4. August 1985: Noch herrscht Ruhe am Dig Tsho-Gletschersee in 4.365 Metern Höhe nahe dem Mount Everest. Doch das ändert sich schon bald. Gegen drei Uhr nachmittags stürzt eine gewaltige Eislawine mit lautem Getöse den Hang hinab. Sie trifft mit gewaltiger Wucht auf das Gewässer und verursacht einen „Tsunami“ von fünf Metern Höhe, der sich blitzartig über den 1,5 Kilometer langen Dig Tsho ausbreitet – und auch über den natürlichen Damm aus Schutt- und Geröllmassen schwappt.
Das GLOF-Phänomen
Innerhalb von wenigen Stunden rauschen mehr als zehn Millionen Kubikmeter Wasser ins Tal. Die Flutwelle reißt alles mit, was sich ihr in den Weg stellt und zerstört unter anderem 14 Brücken, zahlreiche Gebäude und Felder. Allein am Wasserkraftwerk Namche richtet das von Wissenschaftlern als GLOF (Glacial Lake Outburst Floods) bezeichnete Phänomen über eine Million Euro Sachschaden an. Und auch fünf Menschen müssen die Katastrophe mit dem Leben bezahlen. Noch 90 Kilometer flussabwärts wird die Hochwasserwelle registriert.
„Die Flutwelle kam so schnell und mit solcher Kraft, dass sie fünf Häuser, viel Vieh und große Teile des Ackerlandes mit sich riss“, beschreibt Trekkingführer Norbu Sherpa aus Nepal in einem Erlebnisbericht für den WWF seine Erfahrungen beim Gletscherseeausbruch 1985. „Eines der Häuser war das meiner Familie. Die Flut spülte unseren Gemüseacker weg und ich erinnere mich noch an die Panik in den Augen unserer Kuh, als sie ertrank. Die Flut dauerte zwei Stunden, danach stand meine Familie vor dem Nichts. Unsere Nachbarn halfen uns noch, nach unseren Habseligkeiten zu suchen, doch alles, was wir fanden, waren einige Dinge aus der Küche und sonst nichts. Wir hatten kein Zuhause mehr und kein Land“, so Sherpa weiter.

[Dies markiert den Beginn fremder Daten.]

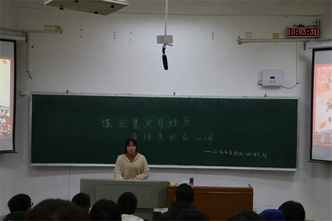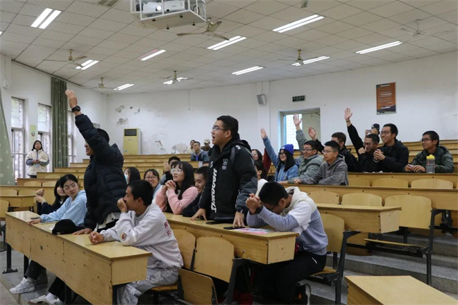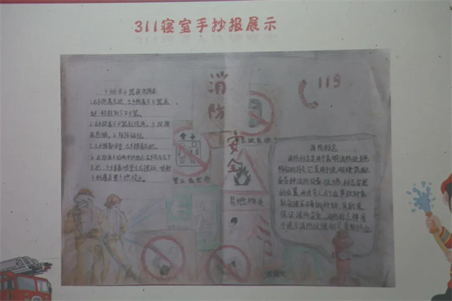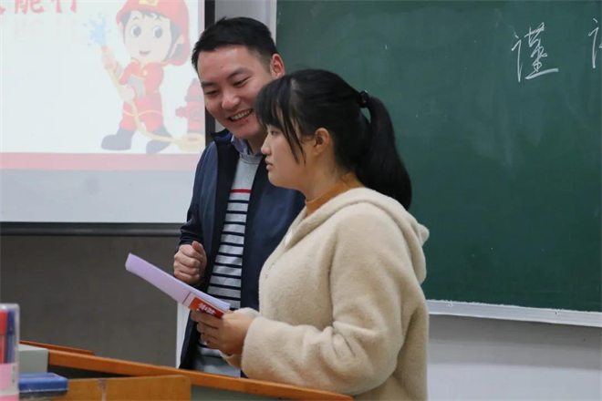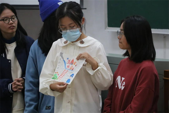 在“手抄报展示”环节,同学们以寝室为单位一起上台,每个人轮流进行自我介绍,并选出一名代表对手抄报内容和主旨进行详细讲解。为了进一步强化学习成果,文艺委员教大家学唱《消防安全歌》,在潜移默化中培养大家的消防安全意识。活动结束后,主持人为每个环节获胜的小组和寝室颁发奖品,并由各小组组长上台分享学习消防安全知识的感想。

Immer wieder Tote und Obdachlose…
Zerstörerische GLOFs wie dieser sind jedoch beileibe kein Einzelfall – weder im Himalaja noch in anderen Hochgebirgen der Welt. Allein in Nepal gab es seit den 1930er Jahren mehr als ein Dutzend solcher Ereignisse, bei denen immer wieder auch Todesopfer zu beklagen waren. Ähnlich ist die Situation in den Alpen. Dort starben beispielsweise in der Schweiz in den letzten 400 Jahren bei vier schweren Seeausbrüchen mindestens 187 Menschen in den Fluten.